Pierre de La Baume (1477 – 5 May 1544) was a grand seigneur of Savoy and a cardinal of the Roman Catholic Church. He was a councillor of Charles III, Duke of Savoy, whom he represented at the Fifth Lateran Council (1512–1517).
He was born at the château de Montrevel, in Bresse, Savoy, the second son of Gui de La Baume, seigneur of la Roche-du-Vanel, Mont-Saint-Sorlin, and Attalens, in Switzerland, and later count of Montrevel, a chevalier of the Order of the Golden Fleece and chevalier d'honneur to Margaret of Habsburg, dowager Duchess of Savoy, and Jeanne de Longuy. Pierre matriculated at the University of Dole, where he received his doctorate in theology, 1502.

Worldly, highly connected and cultivated, a courtier abbot, he held several abbacies in commendam, of which he received the benefices but was not expected to be in residence: among them was the one he most favoured, the abbey of Saint-Oyend at Condat, which was in the gift of Margaret of Austria, whom his father served and who nominated him abbot in 1511. With the abbey came the château de la Tour-du-May, with its little village of Saint-Christophe. It became the favoured seat of Pierre de La Baume. There he entertained in great splendour Charles, Connétable de Bourbon, in 1524, who was fleeing the anger of François I, en route for Italy with a grand escort of gentlemen and cavalry. He was godfather to the bell that he hung in the abbey church in 1529 which commemorated his name, as Pierrotte la Joyeuse. There eventually he was buried.

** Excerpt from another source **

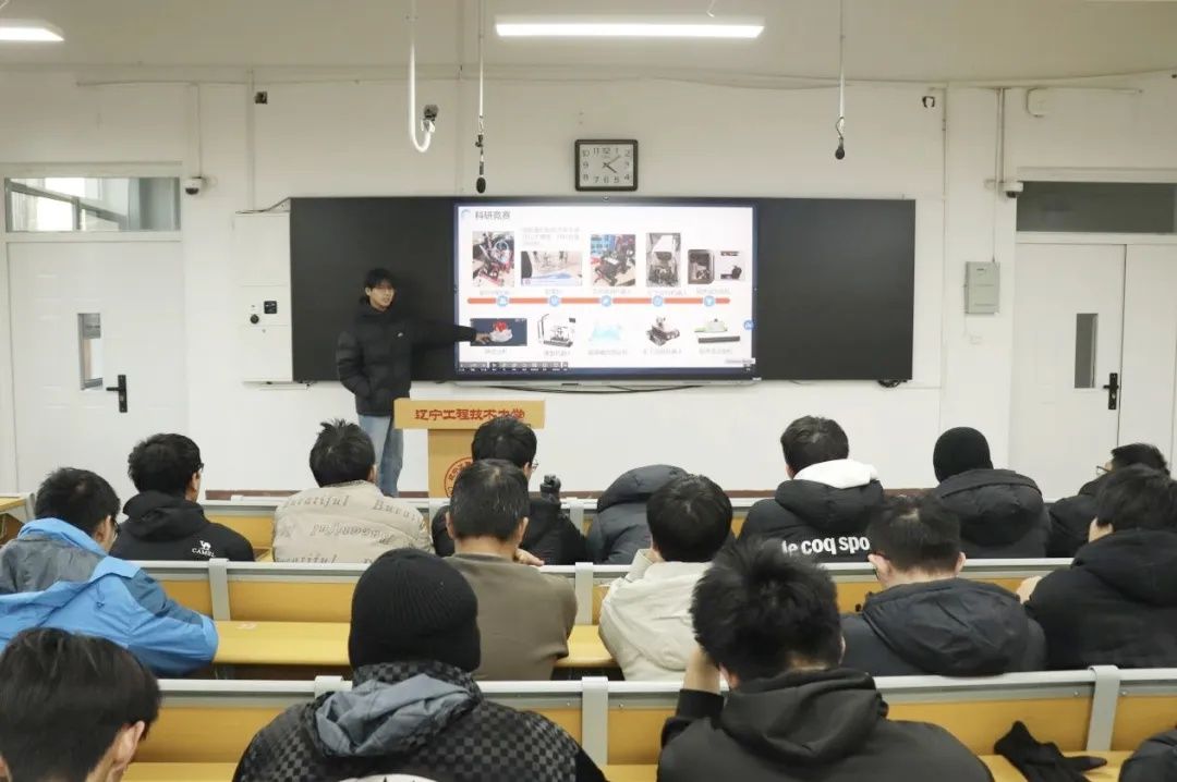 会上,张雅璐系统梳理了学科相关竞赛体系,从赛事分类、信息获取到能力准备进行了全面介绍,并建议同学们根据专业特点和个人志趣进行针对性选择;尚子阳则以自身科研实践为主线,讲述了从入门到专精的成长轨迹,强调科研经历对个人学术发展的价值以及长远意义。两位同学分别指出保持学习动力、敢于突破舒适区是取得进步的关键。现场学生听后深受启发,对科研创新有了更具体的认识,参与意愿显著提升。

He was also a canon of the cathedral of Saint Jean, Aix-en-Provence, and carried the purely courtesy title of comte de Lyon, as a canon of the cathedral of Lyons. He was mentioned in the Dictionnaire de la noblesse as titular Bishop of Tarsus, but the official lists of that diocese do not include him.

Having participated with distinction at the Lateran Council, La Baume was selected as Roman Catholic bishop of Geneva, 10 October 1522, following the death of the recent adversary of the Genevois, Jean de Savoie of the ducal house. He disappointed those who might have expected him to uphold the independent liberties of the city of Geneva against the violent pretensions of the Charles III, duke of Savoy by devolving local responsibilities on his vicar, Amé Lévrier, during his frequent absences. Lévrier was arrested 12 March 1524 and put to death by the duke. A remonstrance sent to the pope was timidly abandoned when Charles took possession of the city, but as he was unwilling to make it his permanent capital, as soon as he had absented himself once more in Piedmont, having forced the acquiescence of the Genevans to his sovereignty at the Conseil des hallebardes (15 December 1525), the Genevans erupted in revolution, disavowing all the acts passed under the menace of Savoyard halberdiers and linking themselves with Bern and Fribourg and the Swiss cantons. La Baume, returned from a two-year absence, was unable to raise any support for Savoyard claims of sovereignty; in 1527 the complaisant bishop devolved the administration of justice upon a tribunal of citizens, and withdrew to his favorite abbey of Condat. In a successful effort to bring his bishop to heel, Charles sequestered his benefices of Saint-Claude de Pignerol and of Suze, and La Baume made a complete submission in order to regain his revenues.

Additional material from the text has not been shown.